We use cookies to personalise the website and offer you the greatest added value. They are, among other purposes, used to analyse visitor usage in order to improve the website for you. By using this website, you agree to their use. Further information can be found in our data privacy statement.



The new transfer pricing documentation decree

​Published on 13.02.2026 / reading time approx. 5 minutes

At the end of December 2025, the Hungarian Parliament adopted significant amendments to the transfer pricing rules, with the aim of more thoroughly incorporating the OECD Transfer Pricing Guidelines and increasing the effectiveness of tax audits (Decree No. 45/2025 of the Ministry for National Economy).

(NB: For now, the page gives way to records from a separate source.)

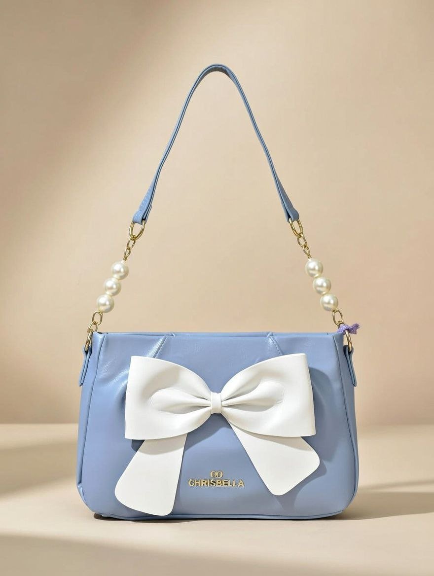 This charming shoulder bag from Chrisbella comes in a soft, dreamy sky blue (pastel light blue) faux leather with a sleek, slightly quilted design. The standout feature is the large, elegant white satin bow prominently placed at the front, adding a sweet and feminine touch. It includes a long adjustable shoulder strap accented with shiny white faux pearls and gold chain links for a luxurious, glamorous vibe, plus gold hardware details and the brand name “CHRISBELLA” embossed in gold at the bottom.
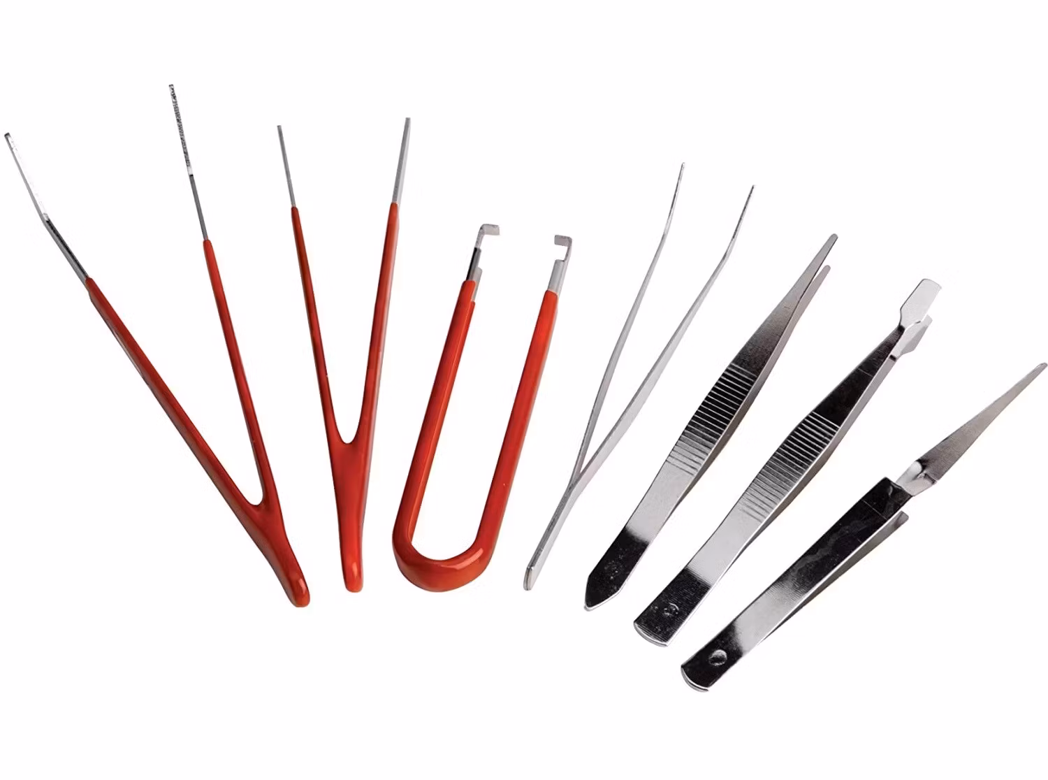 Du köper ett set med 7 stycken olika pincetter som är praktiska att använda vid t.ex plockning, grepp och hantering av mycket små föremål, med mera. Verktygen passar väl vid hantering av klockor och klockans reservdelar. Materialet på dessa pincetter är krombehandlat kolstål för extra hållbarhet.
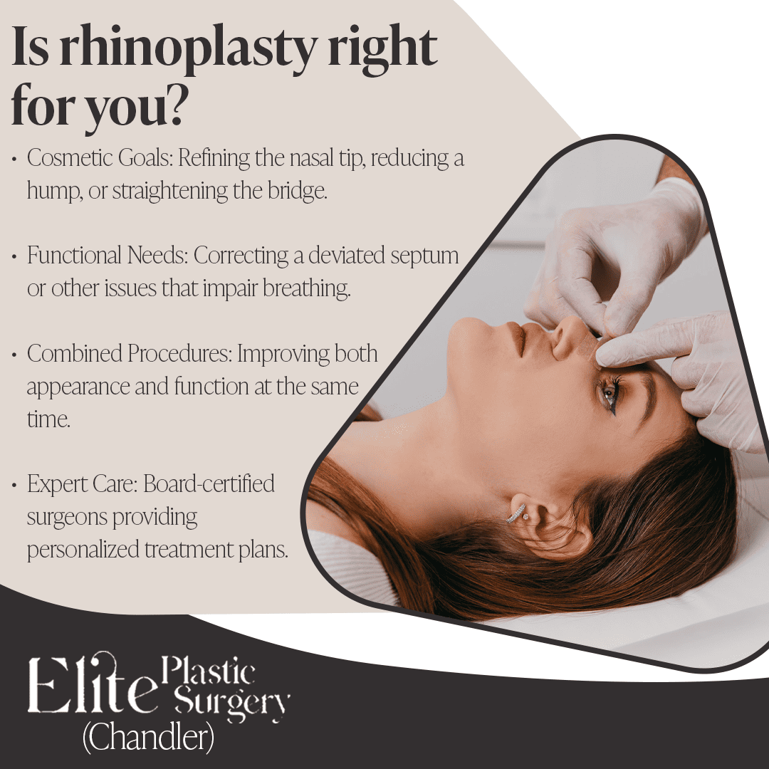 Elite Plastic Surgery offers advanced expertise in both cosmetic and functional rhinoplasty surgery in Chandler. Patients seeking improved appearance, better breathing, or both can schedule a consultation today by contacting them at (480) 291-6895 or contact@epsaz.com.

Below we provide an overview of the most important elements of these changes.

New value thresholds

Master file: Its preparation will only be mandatory if the aggregate value of related-party transactions exceeds HUF 500 million (Section 4(3) of the NGM Decree).

Local file: The exemption threshold is increased from HUF 100 million to HUF 150 million, while the aggregation of similar transactions remains mandatory (Section 4(4)(a) of the NGM Decree).
If the consideration for assets or services obtained from third parties is recharged to multiple related parties at an unchanged amount and the total recharged cost does not exceed HUF 500 million in the tax year (Section 4(4)(c) of the NGM Decree), the taxpayer is exempt from the obligation to prepare a local file, provided that it substantiates that the applied allocation method complies with the arm’s length principle (Section 4(6) of the NGM Decree).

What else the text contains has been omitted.